Azure Blob Urls in Response

Request:

{
  "prompt": { ... },
  "azure_blob_upload": {
    "container": "my-container",
    "blob_prefix": "outputs/",
    "async": false
  }
}

Response:

{
  "id": "generated-uuid",
  "prompt": { ... },
  "images": [
    "https://<your-account>.blob.core.windows.net/my-container/outputs/generated-uuid_ComfyUI_0.png",
    "https://<your-account>.blob.core.windows.net/my-container/outputs/generated-uuid_ComfyUI_1.png"
  ],
  "filenames": [
    "generated-uuid_ComfyUI_0.png",
    "generated-uuid_ComfyUI_1.png"
  ],
  "stats": {
    "comfy_execution": {
      "total": {
        "start": 1700000000000,
        "end": 1700000005000,
        "duration": 5000
      },
      "nodes": {
        "3": {
          "start": 1700000000000
        },
        ...
      }
    },
    "preprocess_time": 1200,
    "upload_time": 300,
    "total_time": 6505
  }
}

Azure Blob Urls in Webhook Payload

Request:

{
  "prompt": { ... },
  "azure_blob_upload": {
    "container": "my-container",
    "blob_prefix": "outputs/"
  },
  "webhook_v2": "https://example.com/webhook"
}

HTTP Response: 202 Accepted

{
  "id": "generated-uuid",
  "status": "ok",
  "webhook_v2": "https://example.com/webhook",
  "azure_blob_upload": {
    "container": "my-container",
    "blob_prefix": "outputs/",
  },
  "prompt": { ... }
}

Webhook Payload

{
  "type": "prompt.complete",
  "id": "generated-uuid",
  "prompt": { ... },
  "webhook_v2": "https://example.com/webhook",
  "azure_blob_upload": {
    "container": "my-container",
    "blob_prefix": "outputs/"
  },
  "images": [
    "https://<your-account>.blob.core.windows.net/my-container/outputs/generated-uuid_ComfyUI_0.png",
    "https://<your-account>.blob.core.windows.net/my-container/outputs/generated-uuid_ComfyUI_1.png"
  ],
  "filenames": [
    "generated-uuid_ComfyUI_0.png",
    "generated-uuid_ComfyUI_1.png"
  ],
  "stats": {
    "comfy_execution": {
      "total": {
        "start": 1700000000000,
        "end": 1700000005000,
        "duration": 5000
      },
      "nodes": {
        "3": {
          "start": 1700000000000
        },
        ...
      }
    },
    "preprocess_time": 1200,
    "upload_time": 300,
    "total_time": 6505
  }
}

Model Manifest

The server can be configured to download models and install extensions automatically on startup, by providing a manifest file in either JSON or YAML format.
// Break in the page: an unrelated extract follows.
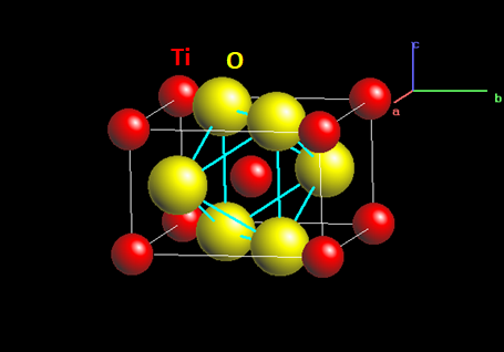 루틸은 Ti가 tetragonal 체심 단위포를 형성하고 산소가 체심의 Ti를 팔면체 구조로 둘러싸고 있는 구조이다. 다만 산소가 이루는 팔면체는 조금 찌그러진 상태이다.

The manifest filepath can be provided via the MANIFEST environment variable, or the full manifest as a JSON string via the MANIFEST_JSON environment variable. If both are provided, the MANIFEST_JSON variable will take precedence.

The manifest file should have the following format (all fields are optional):

apt:
  - package1
  - package2
pip:
  - package3
  - package4
custom_nodes:
  - node-name-from-comfy-registry
  - https://github.com/username/repo
models:
  before_start:
    - url: https://example.com/model.ckpt
      local_path: /opt/ComfyUI/models/checkpoints/model1.ckpt
    - url: s3://my-bucket/path/to/model.safetensors
      local_path: /opt/ComfyUI/models/checkpoints/model2.safetensors
  after_start:
    - url: https://example.com/another-model.ckpt
      local_path: /opt/ComfyUI/models/checkpoints/model3.ckpt

If a manifest is provided, the server will perform the following in order:

  1. Install any apt packages listed in the apt field.
  2. Install any pip packages listed in the pip field. Uses uv, otherwise falls back to pip.
  3. Install any custom nodes listed in the custom_nodes field, using the comfy cli tool if available and a plain string is provided, or by cloning the provided git repository if a URL is provided. If cloned, requirements.txt will be installed if it exists, using uv if available, otherwise falling back to pip.
  4. Download any models listed in the models.before_start field, and save them to the specified local_path.
  5. Start background downloading any models listed in the models.after_start field, and save them to the specified local_path. These downloads will be started in the background and will not block the server from accepting requests. This is useful for preloading less frequently used models.

Downloading Behavior

When downloading files, whether via the manifest, image-to-image workflows, or dynamic model loading, the server will first check if the file already exists at the specified path. It does this by hashing the provided URL and looking for a matching file in the cache directory ($HOME/.cache/comfyui-api by default). For example, the url https://civitai.com/api/download/models/128713?type=Model&format=SafeTensor&size=pruned&fp=fp16 will always be saved in the cache as Pk6VSKLStckZydwGhX0bM8TqaqHEW9yt.safetensors. If a matching file is found, it will be used instead of downloading the file again. This helps to reduce bandwidth usage and speed up request times.

If the url is an S3 URL, the server will use the AWS SDK to download the file. This allows the server to access private S3 buckets (or S3-compatible buckets), as long as the appropriate AWS credentials are provided via environment variables.

If the url is a huggingface URL, the server will use the hf cli tool to download the file. This allows you to take advantage of high-speed xet storage, as well as other optimizations provided by huggingface.

If the url is an azure blob storage URL, the server will use the Azure SDK to download the file.

If the url is a regular http(s) URL, the server will use fetch to stream the file to disk. If the url has a file extension, the server will use that extension when saving the file. Otherwise, it will attempt to determine the file extension from the Content-Disposition or Content-Type headers.

All downloaded files live in the configured cache directory with a name taken as the first 32 characters of the URL hash plus the file extension, and are symbolically linked to the specified local path.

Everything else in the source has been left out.